» **EXERCISE DATA**

━━━━━━━━━━━━━━━━

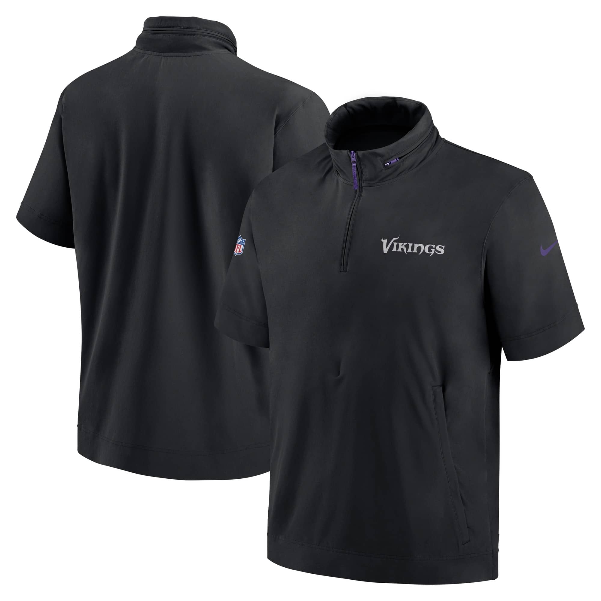 Nike Men's American Football 2024 NFL On-Field Sideline Coach Short Sleeve Quarter-Zip Performance Jacket from your Minnesota Vikings.
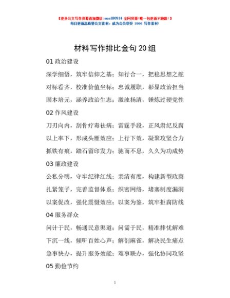 / 材料写作排比金句20组
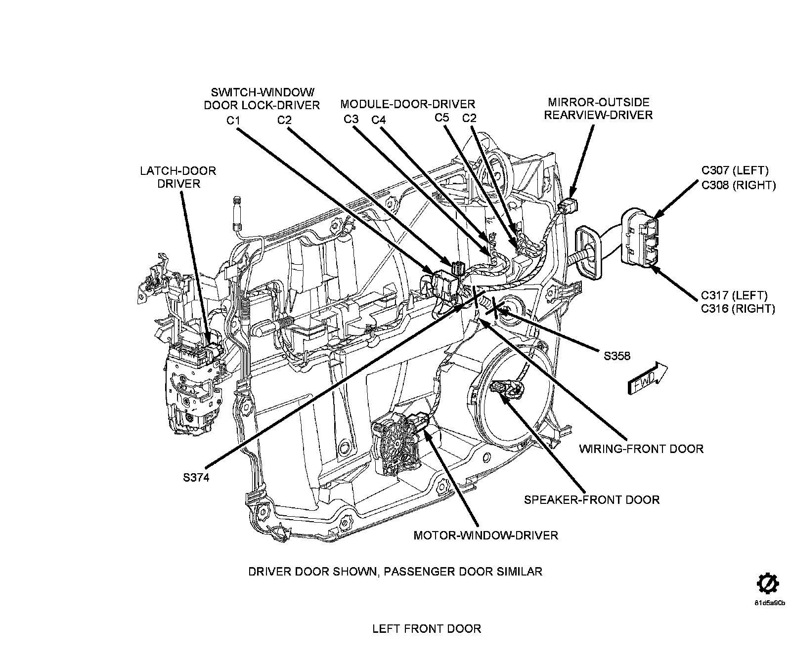 5 Q321 OR/DB LEFT FRONT WINDOW EXPRESS DOWN DRIVER

━━━━━━━━━━━━━━━━

» **EXERCISE GOAL**
Every line of the listing above is to be set down verbatim, without the pictures.

» **TASK OUTPUT**
 Nike Men's American Football 2024 NFL On-Field Sideline Coach Short Sleeve Quarter-Zip Performance Jacket from your Minnesota Vikings.
 / 材料写作排比金句20组
 5 Q321 OR/DB LEFT FRONT WINDOW EXPRESS DOWN DRIVER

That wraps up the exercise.